### To do
Copy out precisely the lines from the start of the data through the line with "automatic movement that, as", and keep pictures out of it.

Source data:
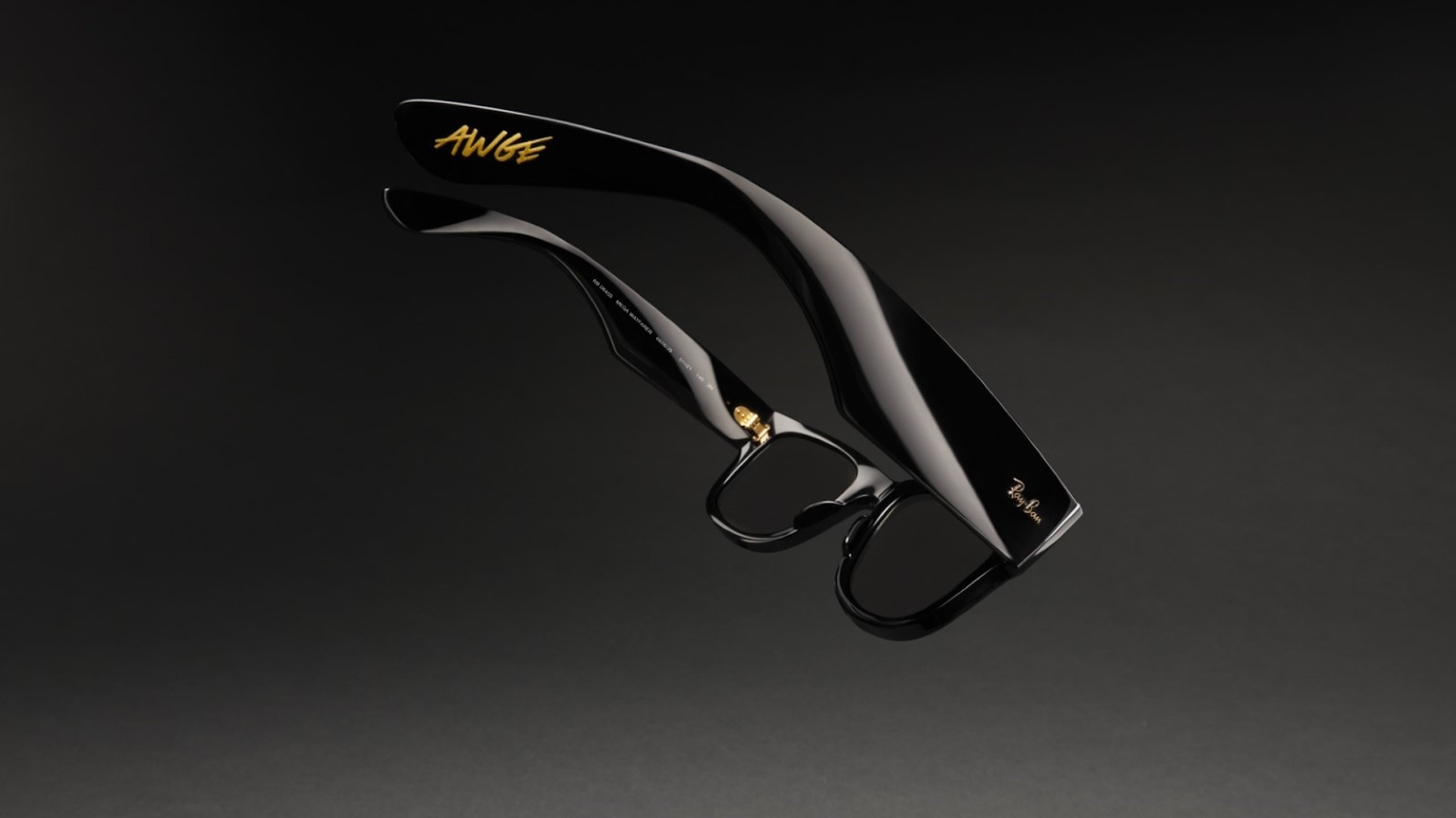 Sleek black sunglasses with "AWGE" and "Ray-Ban" logos in gold on the arms, set against a dark background.
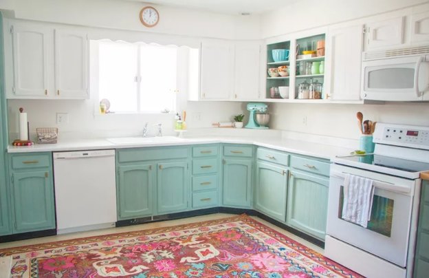 افزودن رنگ سبز نعنایی به کابینت های آشپزخانه می تواند نمای زیبایی پدید آورد. با رنگ کردن کابینت های پایین، نه تنها آشپزخانه زنانه یا کودکانه نمی شود، بلکه ظاهر مدرنی به دست می آورد. با قرار دادن یک فرش رنگی جذابیت آشپزخانه تان دوچندان می شود.
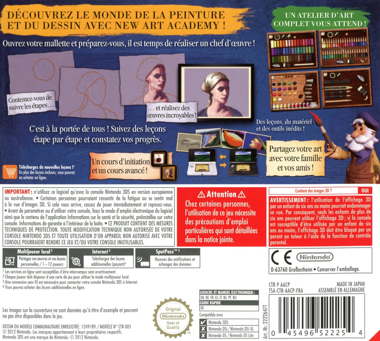 New Art Academy est un logiciel de dessin sur 3DS. Ce titre propose une vingtaine de leçons vous permettant de découvrir les fondamentaux du dessin et de la peinture.
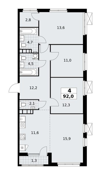 Площадь (общ/жил/кух), м2: 92/—/11.6
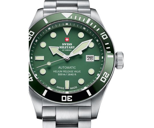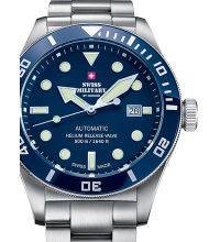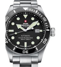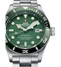 automatic movement that, as is usual for Swiss Military watches, guarantees precise timekeeping and provides the following functions: Date, Helium valve, Minute, Second, Hour.
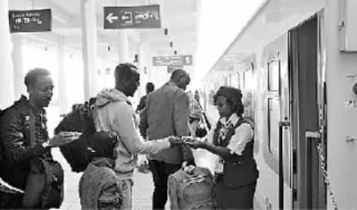 由中國(guó)企業(yè)采用全套中國(guó)標(biāo)準(zhǔn)和中國(guó)裝備建造的非洲第一條跨國(guó)現(xiàn)代電氣化鐵路——亞吉鐵路于2018年1月正式投入商業(yè)運(yùn)營(yíng)。圖為3月25日,在埃塞俄比亞首都亞的斯亞貝巴,列車(chē)員在亞吉鐵路拉布車(chē)站檢票。新華社發(fā)

### Output for this task
 Sleek black sunglasses with "AWGE" and "Ray-Ban" logos in gold on the arms, set against a dark background.
 افزودن رنگ سبز نعنایی به کابینت های آشپزخانه می تواند نمای زیبایی پدید آورد. با رنگ کردن کابینت های پایین، نه تنها آشپزخانه زنانه یا کودکانه نمی شود، بلکه ظاهر مدرنی به دست می آورد. با قرار دادن یک فرش رنگی جذابیت آشپزخانه تان دوچندان می شود.
 New Art Academy est un logiciel de dessin sur 3DS. Ce titre propose une vingtaine de leçons vous permettant de découvrir les fondamentaux du dessin et de la peinture.
 Площадь (общ/жил/кух), м2: 92/—/11.6
 automatic movement that, as is usual for Swiss Military watches, guarantees precise timekeeping and provides the following functions: Date, Helium valve, Minute, Second, Hour.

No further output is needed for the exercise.